** What is needed **
Go to the line below that has "Hier ist meine", print it and each line after it exactly, and stop after the line that has "Slow, smooth Rhodes"; leave out pictures.

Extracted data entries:
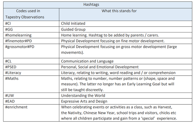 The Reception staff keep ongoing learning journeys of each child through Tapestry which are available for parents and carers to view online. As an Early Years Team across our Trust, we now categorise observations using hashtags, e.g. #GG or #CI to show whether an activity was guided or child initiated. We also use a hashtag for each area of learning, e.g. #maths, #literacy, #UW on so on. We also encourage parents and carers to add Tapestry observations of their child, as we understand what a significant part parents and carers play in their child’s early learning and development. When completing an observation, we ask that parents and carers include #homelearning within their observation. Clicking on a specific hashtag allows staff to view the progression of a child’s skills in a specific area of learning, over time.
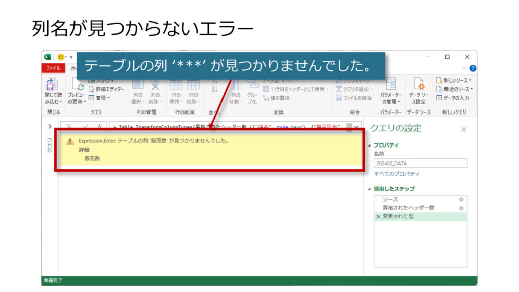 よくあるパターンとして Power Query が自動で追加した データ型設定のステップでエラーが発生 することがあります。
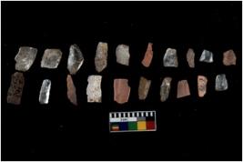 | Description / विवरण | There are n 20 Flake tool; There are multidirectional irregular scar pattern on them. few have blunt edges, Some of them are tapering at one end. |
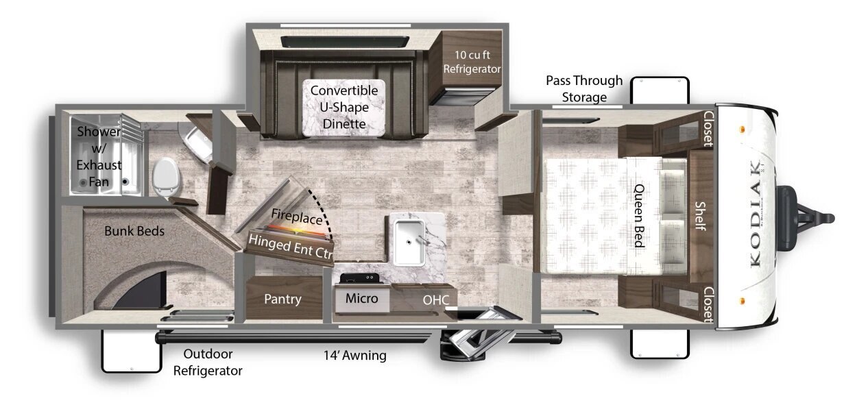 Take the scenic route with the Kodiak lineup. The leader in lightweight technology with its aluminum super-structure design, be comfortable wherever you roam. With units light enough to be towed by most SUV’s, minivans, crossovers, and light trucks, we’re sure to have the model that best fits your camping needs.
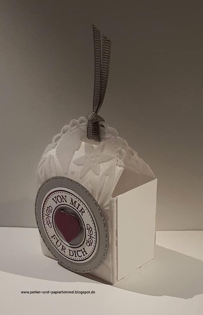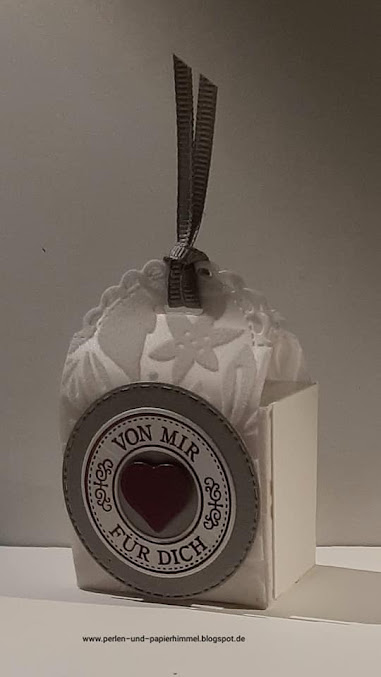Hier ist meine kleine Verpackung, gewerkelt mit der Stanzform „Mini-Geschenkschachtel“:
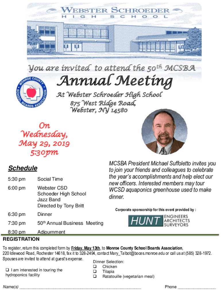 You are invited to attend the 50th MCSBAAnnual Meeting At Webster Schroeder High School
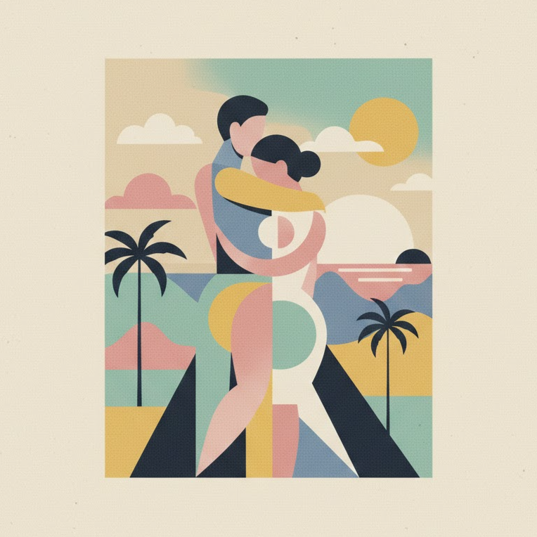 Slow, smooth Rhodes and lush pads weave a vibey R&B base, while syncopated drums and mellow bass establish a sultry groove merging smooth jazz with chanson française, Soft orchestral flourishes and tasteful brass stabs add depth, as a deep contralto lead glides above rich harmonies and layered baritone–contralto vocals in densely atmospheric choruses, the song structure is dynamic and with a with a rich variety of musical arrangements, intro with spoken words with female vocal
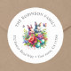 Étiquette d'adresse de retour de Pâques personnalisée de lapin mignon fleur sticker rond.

** Problem solution **
Hier ist meine kleine Verpackung, gewerkelt mit der Stanzform „Mini-Geschenkschachtel“:
 You are invited to attend the 50th MCSBAAnnual Meeting At Webster Schroeder High School
 Slow, smooth Rhodes and lush pads weave a vibey R&B base, while syncopated drums and mellow bass establish a sultry groove merging smooth jazz with chanson française, Soft orchestral flourishes and tasteful brass stabs add depth, as a deep contralto lead glides above rich harmonies and layered baritone–contralto vocals in densely atmospheric choruses, the song structure is dynamic and with a with a rich variety of musical arrangements, intro with spoken words with female vocal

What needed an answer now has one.